David Rankin
The Prophesy of Dry Bones
Robert Steele Gallery through May 30

by Margaret Sheffield



David Rankin's new paintings are remarkable in this grimly secular city for evoking with equal conviction the unseen and the seen, the soul and the senses. This kind of balanced sensibility, T.S. Eliot told us, would cease to exist after the death of John Donne; art would thereafter be the "product of a dissociated sensibility." David Rankin proves him wrong. These beautiful paintings combine spirit, blood, memory, and imagination. They are outstanding for their quality of light and painterly bravura.

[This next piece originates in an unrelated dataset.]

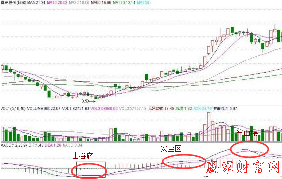 一般說(shuō)來(lái),迫求資金安全、偏愛(ài)長(zhǎng)線的投資者應(yīng)該選擇山谷底MACD雙線合一型個(gè)股;而喜歡冒險(xiǎn)、偏愛(ài)短線的投資者除了可以選擇山谷底和安全區(qū)MACD雙線合一的個(gè)股外,還可以用超短線的手法去追擊半山腰MACD雙線合一的個(gè)股,但務(wù)必要快進(jìn)快出。

Rankin's signature style is an innovative synthesis of the Western tradition, Chinese landscape painting, and the calligraphic aboriginal art of the British-born artist's adopted country, Australia. Rankin is disarmingly modest about his originality and achievements. "As a young man in the Australian outback everything was equally relevant or irrelevant. No one had ever heard of Kenneth Noland or Frank Stella. I was free to be influenced by Rembrandt, Paul Klee, Mark Tobey, and to make scratchy calligraphic works on wood."

The painter has always been after a certain quality of light, one that he eloquently describes as "the weight of light one feels in Rembrandt." Rankin exploits the spiritual, cultural and painterly sources in his background to create works of awesome beauty; this series is entitled The Prophecy of Dry Bones.

While these works, some monumental, some intimate — were painted on a hilltop, literally on the hilly earth around St. Miguel de Allende, Mexico, they in fact go back in spiritual mood and theme to Rankin's 1991 Golgotha paintings which followed a trip to Jerusalem. There Rankin had found that for the Jews Golgotha, the hill outside Jerusalem, is the place where the Messiah's blood dropping on the ground will summon the bones of the dead to arise. Rankin made the images in the new Prophecy paintings ambiguous and non-specific: freely brushed horizontal black shapes read simultaneously as waves, terraces in a landscape like the Judean hills, or a continuum of irregular bone shapes. These rhythmic black bands also read as letters, as calligraphic marks in monumental scrolls, or, in smaller works, pages in a spiritual book.

The force of these paintings derives equally from their spiritual conviction and the heat and energy of the palette and the texture; reflecting the process of making them, and linking them to the stony mountain and fiery earth of the Mexican landscape (which, ironically, is very similar to that of the Judean hills.)

Rankin's virtuoso range of painterly gifts, from fragile sponged-in ochres, cobalt greens, reds, tans, and his astonishing graphic vocabulary, combine to create a quietly explosive ground, an intricate web of pigment and charcoal.

The painter brilliantly orchestrates this ground plane in dramatic counterpoint to the large-scale black "bone" or letter imagery. Rankin then creates a very subtle third "plane" which is not really a plane, but, in the artist's words, an "elision of perception," eliding or fusing the expressionist ground plane to the second plane of black calligraphic bone-marks. This third dimension, in the words of curator Michael Walls, "weeps" on a diagonal from top to bottom, for example, in Prophecy, a terra- cotta mass of color moves across, uniting different parts of the canvas.

These paintings were in Rankin's consciousness for a long time but painted in a way the artist calls Zen – "I had thought about them for five years, but painted them in Mexico in about five weeks."

The two monumental paintings at the west end of the gallery have active expressionist backgrounds which are metaphors for landscape, with a luxuriant explosion of reds, ochres, and terra- cottas evoking unbounded potentiality. A passionate energy of gestation and growth emerges through the layers of pigment

In three other works, Rankin's circular irregularly-spaced dots represent the animating Chi or life force of Chinese philosophy and landscape painting. Rankin has used these marks, as an early drawing in this exhibition shows, in exquisite, rhythmically spaced charcoal drawings.

The theme of Rankin's paintings is human destiny and spiritual awakening, dramatized in symbolic landscapes that are dry yet germinating. Rankin's bone-like imagery was partly inspired by a passage in Ezekial where the Lord calls on him to pray over the bones, so that they will hear the Lord's words, and thereafter rise up and follow the Lord to the land of Israel.

Rankin's superb line, along with his painterly and graphic touch communicate a life-giving charge from one passage to another, which vitalizes each work with strong rhythmic energy. While he adds layer after layer of paint and line to each work to increase its articulation and individuality, he does not allow this to lessen the light-emanating energy.

As opposed to what Henry Geldzahler once described as the "instant take" he demanded of a painting, Rankin's paintings read like archeological sites, forever offering up more and more to the viewer. Paul Tillich wrote in Art, Creativity, and the Sacred that genuine symbolic power in a work of art opens up its own depths, and the depths of reality as such. Rankin's poetic and philosophical rarity is in doing this.